2 green onions, chopped
2 cloves garlic, minced
1 fresh green chili pepper, minced
1 lb tender beef steak (we used 1 inch thick piece of top round)
1/4 cup dark soy sauce
1/4 cup rice wine (sake)
2 tablespoons toasted sesame seeds, crushed*
1 tablepsoon lime juice
1 tablespoon toasted sesame oil
1 teaspoon cornstarch, dissolved in 2 teaspoons of water
2 oz dried shiitake mushrooms
10 oz frozen spinach, defrosted and drained
soba noodles, cooked
Place the steak, soy sauce, chili pepper, sake, sesame oil, lime juice, garlic, sesame seeds and green onions in a large ziplock bag and allow to marinate at least 45 minutes or up to overnight. While the steak is marinating soak 2 oz. dried shiitaki mushrooms in 1 cup hot water.

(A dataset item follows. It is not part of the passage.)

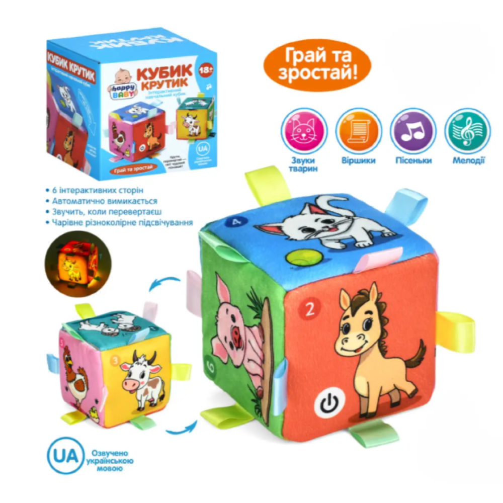 Інтерактивний Кубик‑Крутик від Limo Toy — розвиваюча іграшка для найменших дітей. Кубик виготовлений із пластику та м’яких безпечних матеріалів, має заокруглені краї та приємну на дотик поверхню, що робить його безпечним навіть для новонароджених. На гранях розташовані кнопки та зображення тварин — при натисканні активуються звуки тварин, веселі пісеньки, віршики та мелодії. Світлові ефекти у синхроні з музикою чи звуками привертають увагу, стимулюючи зорове сприйняття. Іграшка допомагає розвивати слух, зорове сприйняття, дрібну моторику, мовлення та уяву. Кубик підходить для немовлят із перших місяців життя і стане першим яскравим другом дитини.
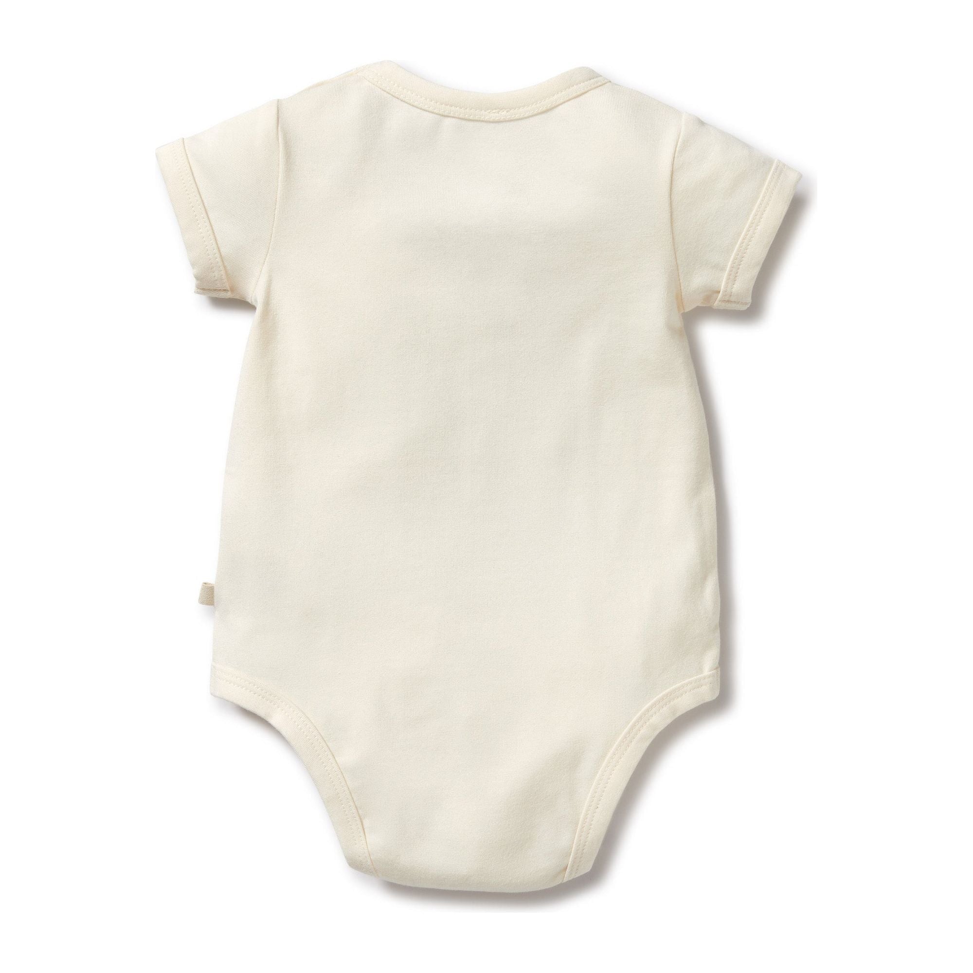 Key Features: Short Sleeved. Side neck opening with mock wood buttons. Snap leg closure for easy changes. Made with GOTS certified organic cotton. Australian owned and designed.

Remove steak from marinade, reserving marinade, and sear on a hot pan. For a 1″ thick steak, cook on high heat for 2.5 minutes on each side for rare steak. Remove steak to a pan and cover with foil. Let sit for 5 minutes and then slice thinly. While steak is cooking, squeeze out mushrooms, reserving liquid, and chop them. Add the mushrooms, cornstarch and liquid to a sauce pan with the marinade. Bring sauce to a boil, cook for 5 minutes and then add the cornstarch mixture. To serve: thinly slice the steak and arrange on a bed of soba noodles and spinach**. Drizzle with sauce.
*This is easiest with a mortar and pestle. In lieu of that, you can crush them between two sheets of wax paper with a rolling pin.